Might we not also save money, and greatly improve our speed of communciations, and peak load capacity,if we had the possibility of sending traffic over direct teletype lines between London and at least most of our posts on the continent of Europe? I understand that most stock brokers, and the diplomatic missions of a good many other countries small as well as large, use the "telex" network, - a teletype system throughout Europe where it is not necessary to rent lines on a full-time basis but where connections are established for three-minute periods as in long distance telephone calls, and you pay only for what you use. Is consideration being given to our making use of this "telex" link?
Newspapers have for some decades used telegrams for reports, with the mail reserved for lengthy analyses and "think-pieces". Our London, Washington and Permdel missions do the same. But perhaps it would be useful if this practice were extended to the more important other NATO and Commonwealth capitals. Good communciations are the Department's nervous system.

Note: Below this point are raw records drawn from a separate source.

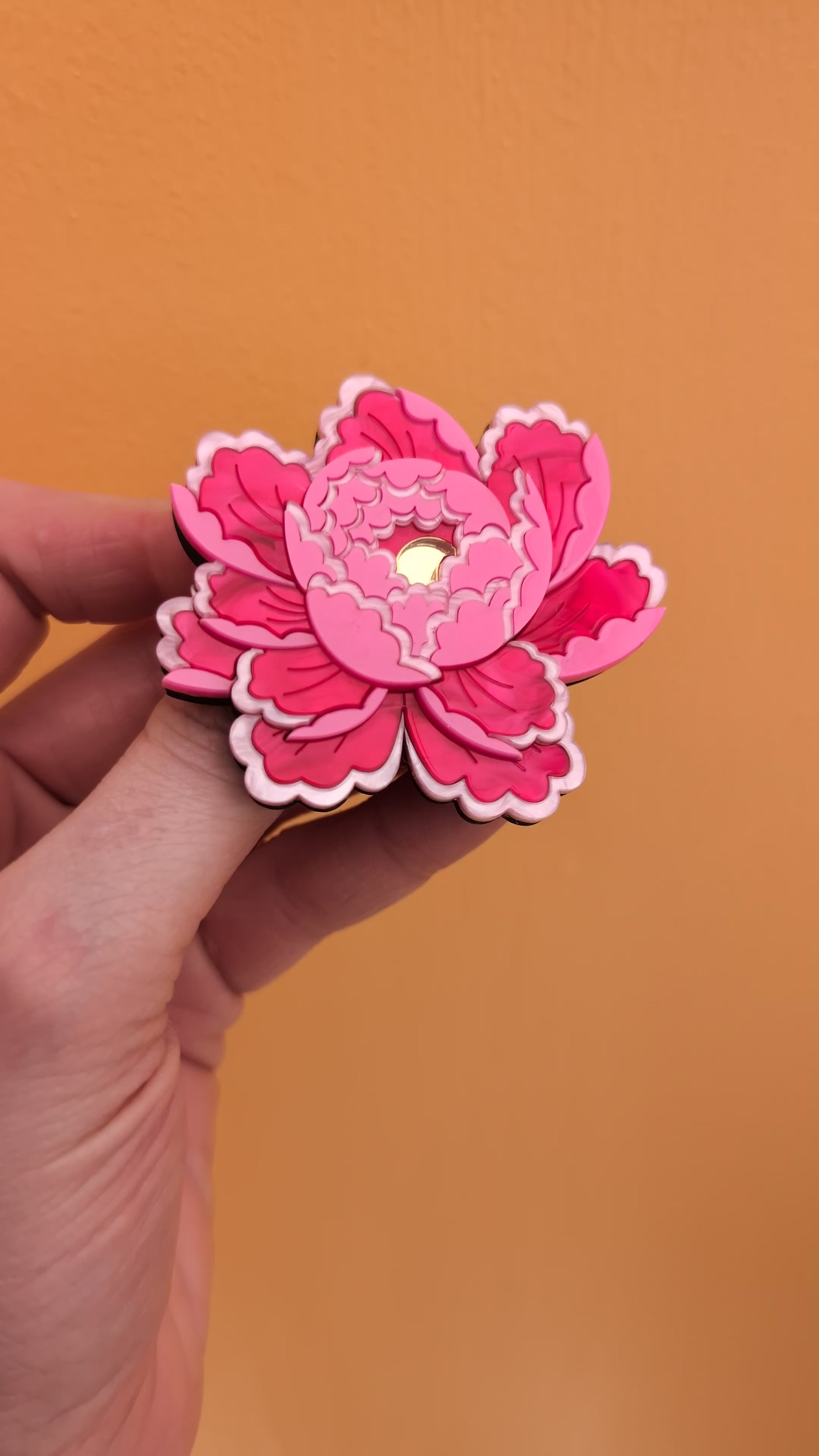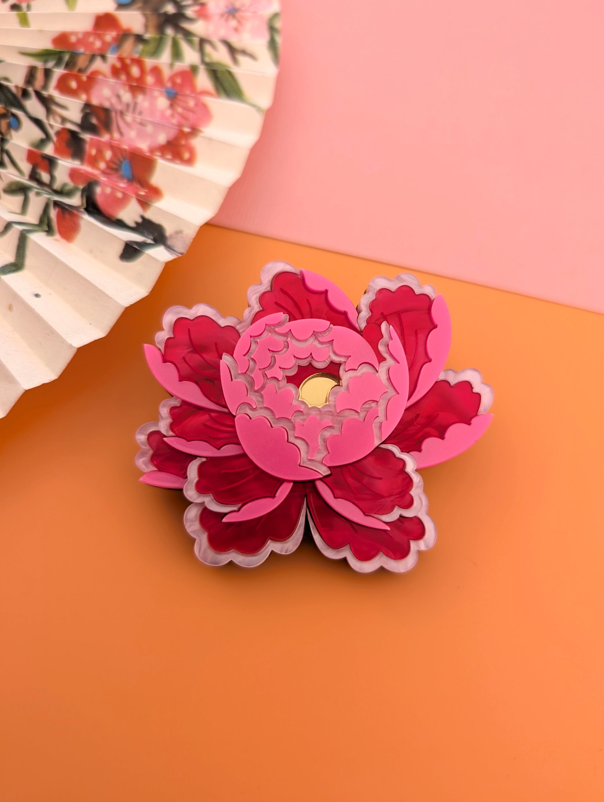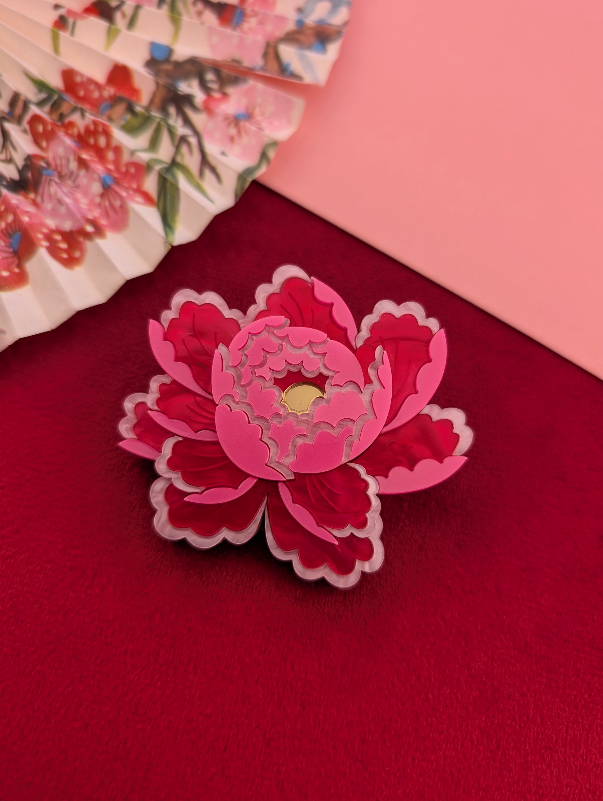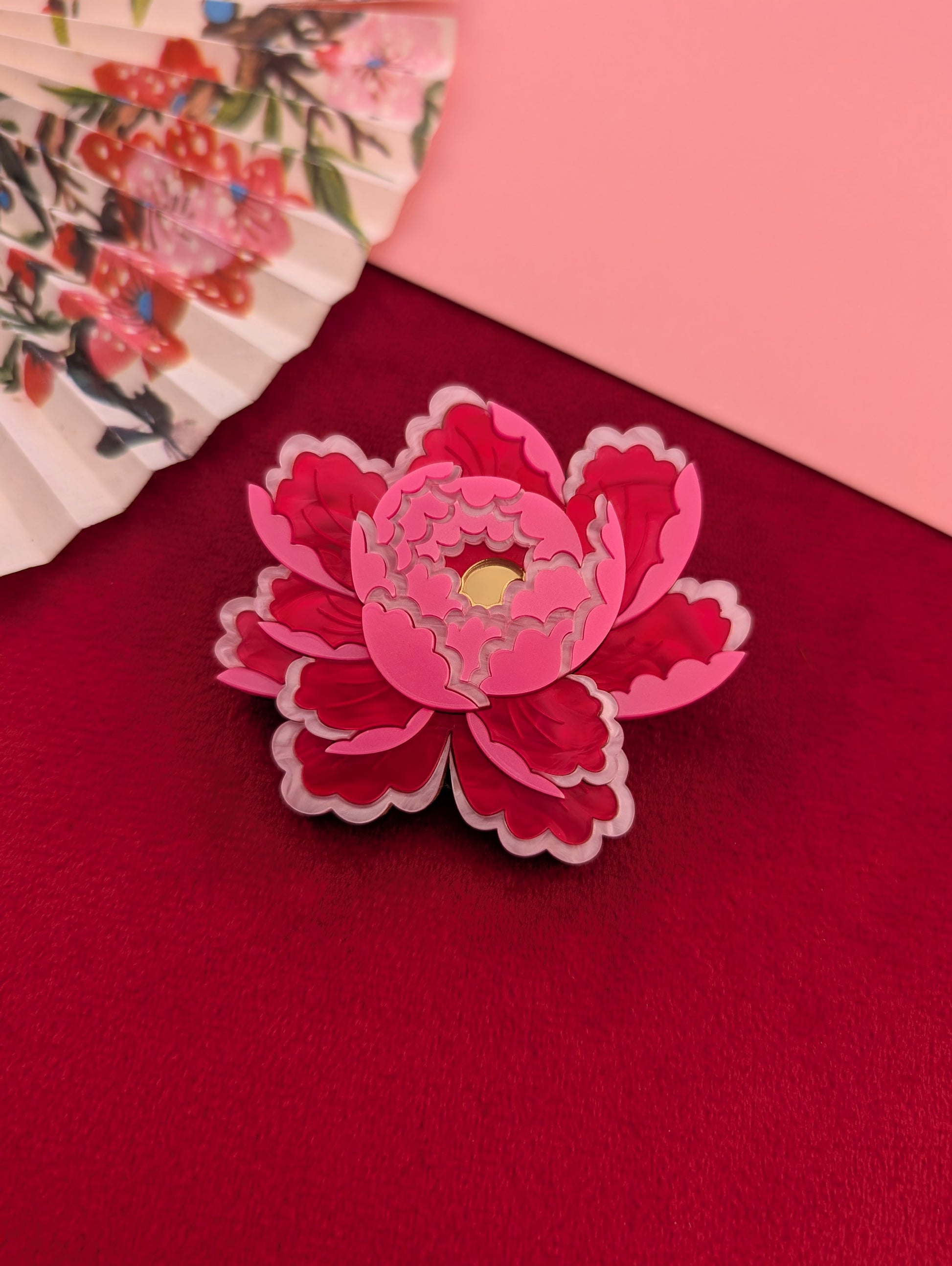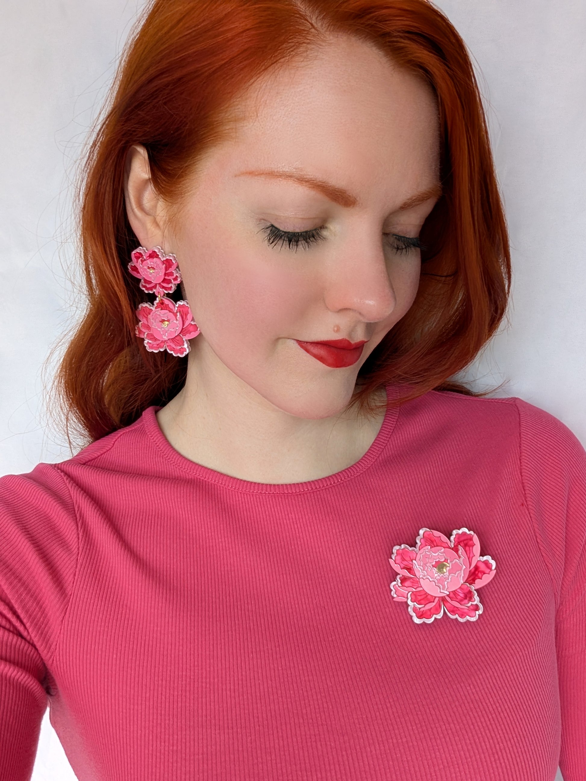 PRE ORDER Peony Inspired Flower Brooch or Pendant BRIGHT PINK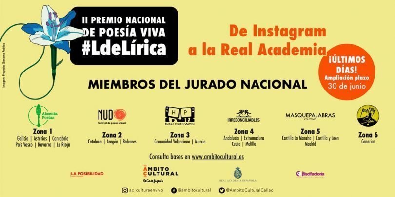 El Premio Nacional de Poesía Viva #LdeLírica ha sido convocado por Ámbito Cultural, con la colaboración de Piscifactoría Laboratorio de Creación y La Posibilidad, que han concebido este premio de poesía viva, recitada, contemporánea y oral para dar a conocer el talento emergente utilizando para ello Instagram.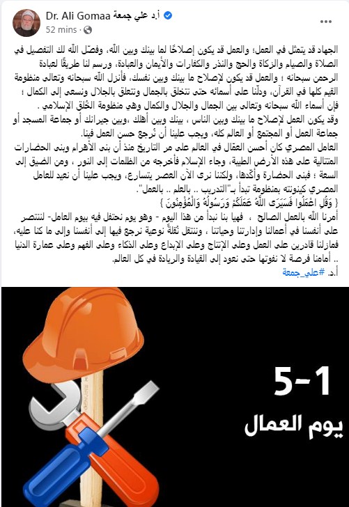 واختتم علي جمعة حديثه قائلًا: { وَقُلِ اعْمَلُوا فَسَيَرَى اللَّهُ عَمَلَكُمْ وَرَسُولُهُ وَالْمُؤْمِنُونَ }.. أمرنا الله بالعمل الصالح، فهيا بنا نبدأ من هذا اليوم- وهو يوم نحتفل فيه بيوم العامل- لننتصر على أنفسنا في أعمالنا وإدارتنا وحياتنا، وننتقل نُقلةً نوعية نرجع فيها إلى أنفسنا وإلى ما كنا عليه، فمازلنا قادرين على العمل وعلى الإنتاج وعلى الإبداع وعلى الذكاء وعلى الفهم وعلى عمارة الدنيا.. أمامنا فرصة لا نفوتها حتى نعود إلى القيادة والريادة في كل العالم."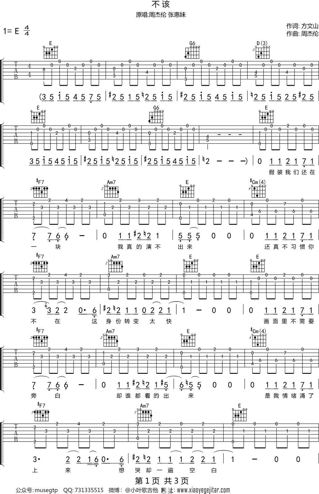 不该吉他谱_周杰伦_e调图片谱完整版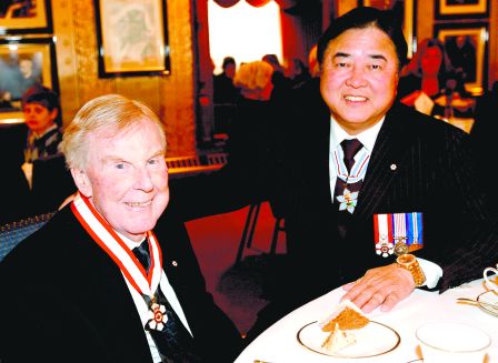 中新网2月24日电 据加拿大《明报》报道,加拿大缅尼托巴省首位华裔省督李绍麟(Philip Lee),当地时间22日在温尼辟颁发加拿大勋章给前缅省省长莱昂(Sterling Lyon)。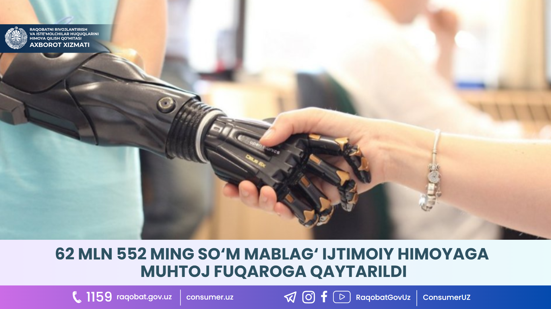 O‘rganishlarda haqiqatan ham murojaat oylar davomida hal etilmay kelinayotgani ma’lum bo‘ldi. Natijada iste’molchiga protez uchun to‘langan 62 mln 552 ming so‘m mablag‘ “MINGBAEV’S ACADEMY OF ROBOTICS” OK tomonidan qaytarib berilishiga erishildi.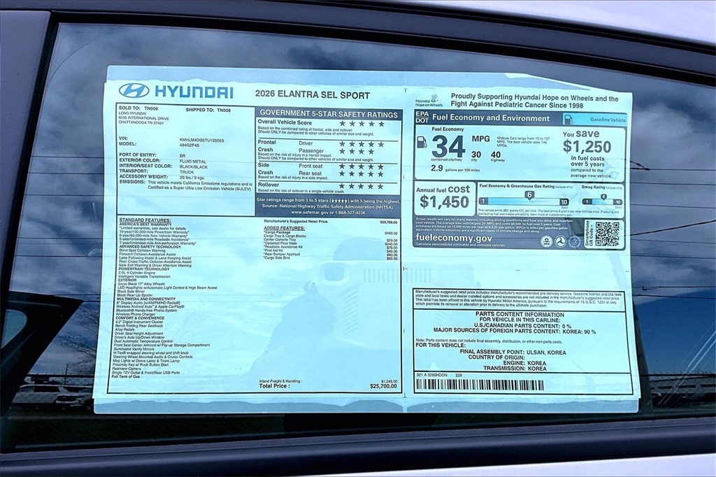 2026 Hyundai Elantra SEL Sport Fluid Metal Price includes: $500 - Hyundai HMF Dealer Choice : $500 discount. $44.05 per $1000 financed. Available to well qualified buyers who finance through Hyundai Motor Finance. H704. Exp. 02/02/2026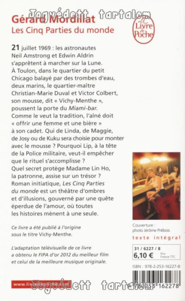 21 juillet 1969 : les astronautes Neil Amstrong et Edwin Aldrin s’appretent a marcher sur la Lune. a Toulon, dans le quartier du petit Chicago balayé par des trombes d’eau, deux marins, le quartier-maître Christian-Marie Duval et Victor Colbert, son mousse, dit « Vichy-Menthe », poussent la porte du Miami-bar. Comme le veut la tradition, l’aîné doit « offrir une femme et une biere » a son cadet. Qui de Linda, de Maggie, de Josy ou de Kuku sera choisie pour monter avec le mousse ? Pourquoi Lip, a la tete de la Police militaire, veut-il empecher que le rituel s’accomplisse ? Quel secret protege Madame Lin Ho, la patronne, assise sur un trésor ? Roman initiatique, Les Cinq Parties du monde est un théâtre d’ombres et d’illusions, gouverné par une quete éperdue de l’amour, ou toutes les histoires menent a une seule.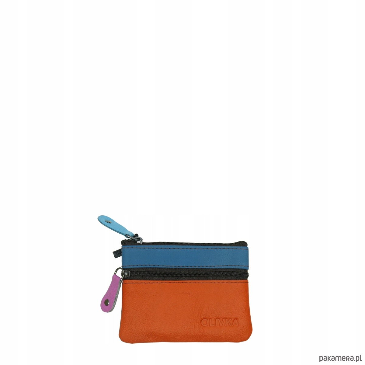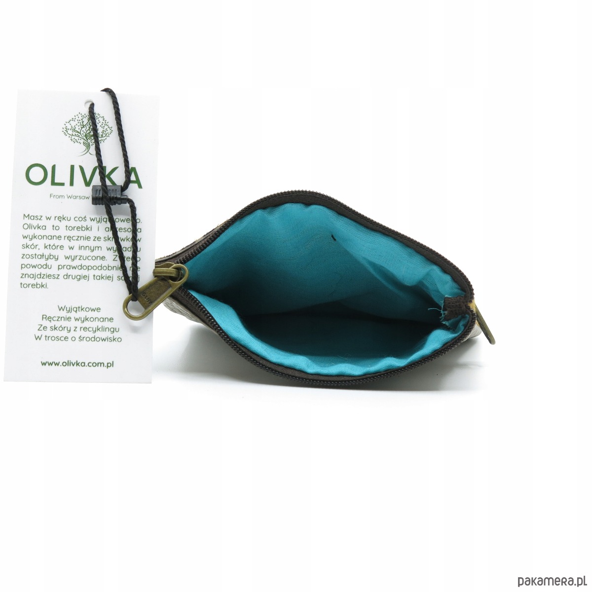 Saszetka skórzana skóra naturalna na klucze bilon poręczna OLIVKA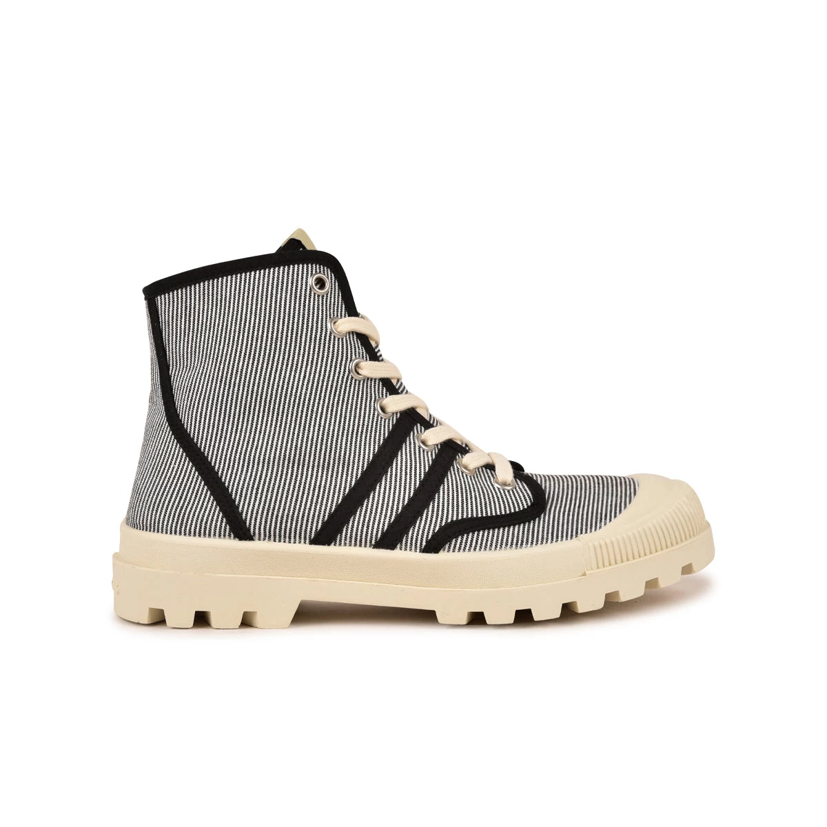 Découvrez la version de la boots Authentique, notre chaussure en toile iconique depuis 1950. C’est une boots munie d’une tige rayée noir et blanc très robuste montée sur une semelle crantée flexible et très souple. C’est une chaussure pensée et designée en France puis fabriquée dans nos ateliers en Espagne.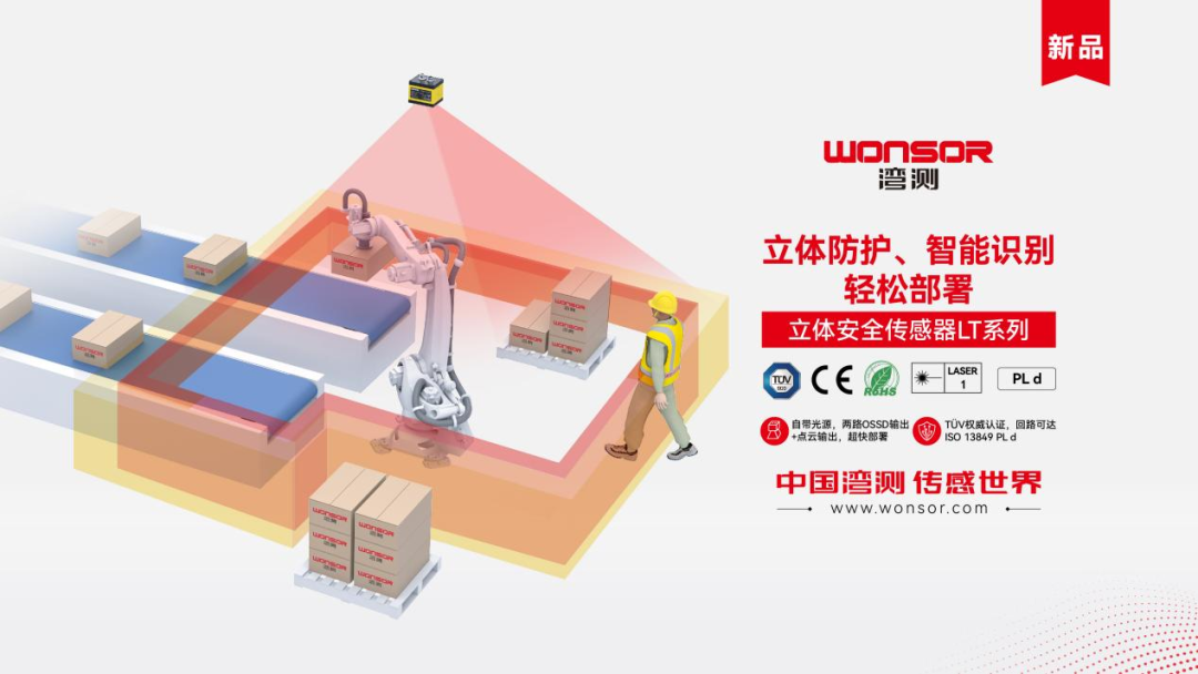 湾测立体安全传感器,搭载AI算法并通过TÜV认证,回路安全等级可达PLd,有效弥补人机协作场景下传统防护手段的不足,能精准感知人员位置、距离和姿态,当人员闯入或异常逗留时,立即输出报警信号,实时监测防护区域,保障人员安全。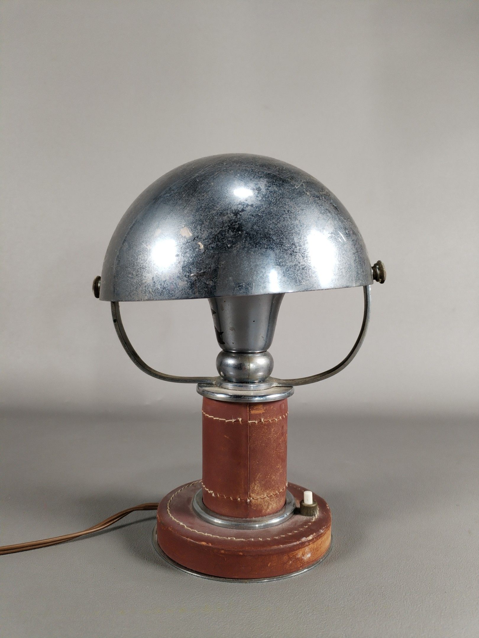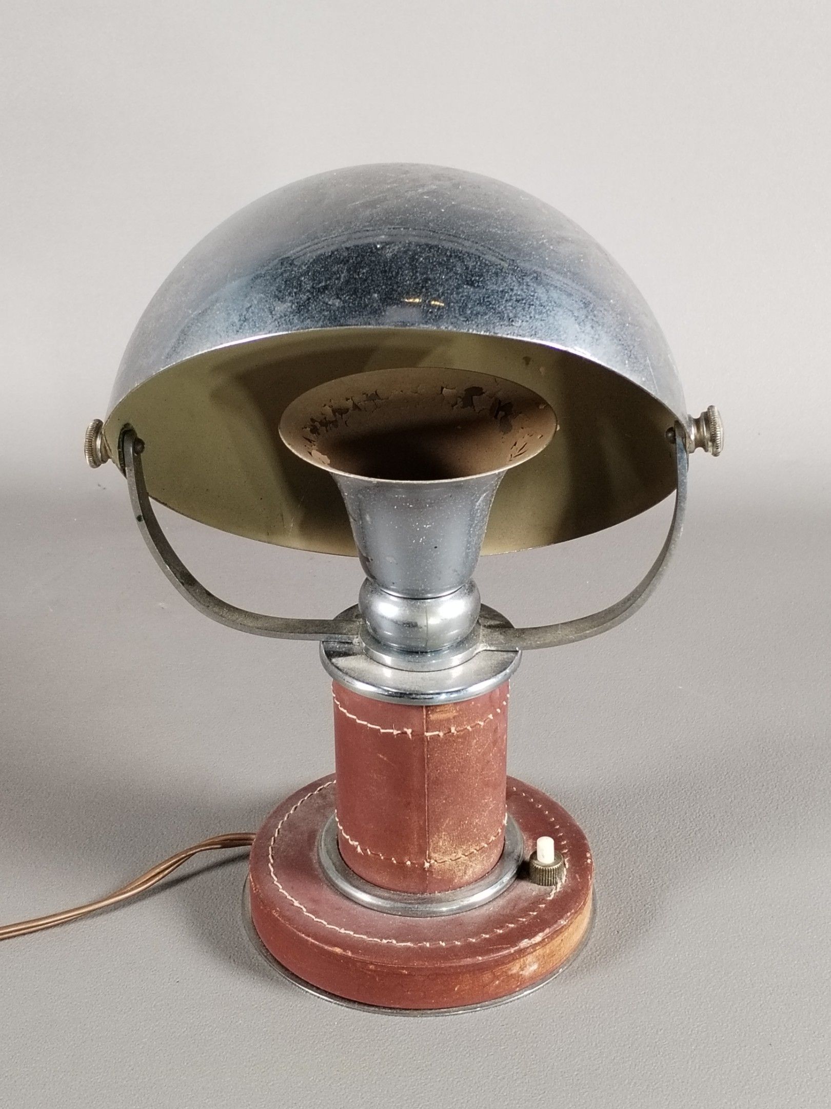 Saddle-stitched leather-covered aluminium desk lamp, Art Dec…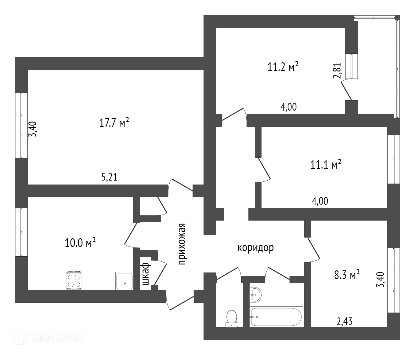 Общая площадь 74.2 м2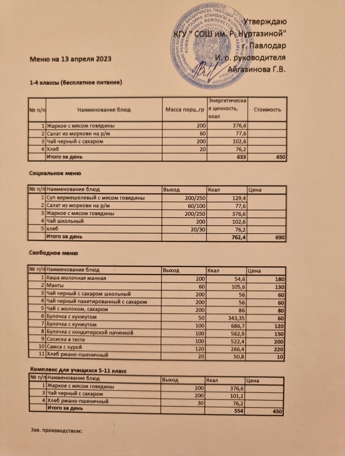 Меню на 13.04.2023

I have been impressed by the delays, and possible difficulty, in rapid confidential communication with the Prime Minister during parts of his round-the-world trip. This has not particularly mattered in the present case, but circumstances could develop where it might be of great importance to be able to communicate immediately, and with secrecy, with a member of the government who was abroad. Should it not be possible to equip the VIP aircraft used for such tours (and aircraft used to take important delegations to certain conferences - e.g. NATO Council in Lisbon, etc.,) with cypher machinery and wireless of adequate range so that effective communication could be maintained at all times?
Is it not correct that the United Kingdom use not only cypher machinery but wireless in virtually all their Missions, including many consular posts? A fraction of one percent of our mutual aid funds would more than pay for up-to-date communication facilities for Canada.